Pterostylis spathulata facts for kids
Quick facts for kidsSpoon-lipped rufous greenhood
Priority One — Poorly Known Taxa (DEC)
Oligochaetochilus spathulatus (M.A.Clem.) Szlach.
Pterostylis spathulata, commonly known as the spoon-lipped rufous greenhood or Moora rustyhood is a plant in the orchid family Orchidaceae and is endemic to the south-west of Western Australia. Both flowering and non-flowering plants have a relatively large rosette of leaves. Flowering plants also have up to ten or more white and green or brown flowers with fine, upturned tips on the lateral sepals and a spoon-shaped, insect-like labellum.

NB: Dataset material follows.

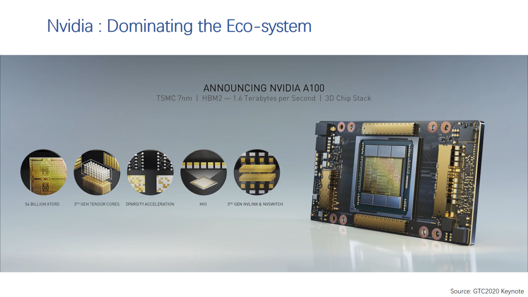 首先是Nvidia新推出的A100,给AI硬件加速又设定了新的标杆。A100是7nm工艺,使用HBM2存储器接口,3D封装,整体性能有大幅提升。具体来说,Tensor Core支持更多的数据类型,特别是AI中常用的数据类型,支持固定结构的2:4稀疏化处理。FP16/BF16的峰值处理能力是312TFLOPS,INT8的峰值处理能力是624TOPS,如果是稀疏处理的情况,则最高性能翻倍。近几年很多AI芯片初创公司都说自己的芯片硬件性能比Nvidia GPU高几倍,不过现在看来,即使单看硬件,A100的指标也是最强的。

Pterostylis spathulata is a terrestrial, perennial, deciduous, herb with an underground tuber and a rosette of between six and ten leaves. The leaves are 20–45 mm (0.8–2 in) long and 7–14 mm (0.3–0.6 in) wide. Flowering plants have a rosette at the base of the flowering stem but the leaves are usually withered by flowering time. Up to ten or more white and green or brown flowers are borne on a flowering stem 150–350 mm (6–10 in) tall. The flowers lean forward and are 20–22 mm (0.8–0.9 in) long and 7–9 mm (0.3–0.4 in) wide. The dorsal sepal and petals form a hood or "galea" over the column with the dorsal sepal having a thread-like tip 9–11 mm (0.35–0.43 in) long. The lateral sepals turn downwards, the same width as the galea, deeply dished, hairy and suddenly taper to narrow tips 18–22 mm (0.7–0.9 in) long which turn forward and upward. The labellum is cup-shaped and insect-like, about 5 mm (0.2 in) long, 3 mm (0.1 in) wide with six to eight long hairs on each side of the "body". Flowering occurs from September to November.
Taxonomy and naming
Pterostylis spathulata was first formally described in 1989 by Mark Clements from a specimen collected near Moora and the description was published in Australian Orchid Research. The specific epithet (spathulata) is derived from the Latin word spatha meaning "spoon" referring to the spoon-shaped labellum of this orchid.
Distribution and habitat
The spoon-lipped rufous greenhood grows in woodland and shrubland and on granite outcrops between Mullewa and the Fitzgerald River in the Avon Wheatbelt, Coolgardie, Mallee, Murchison, Swan Coastal Plain and Yalgoo biogeographic regions.
Pterostylis spathulata is classified as "not threatened" by the Western Australian Government Department of Parks and Wildlife.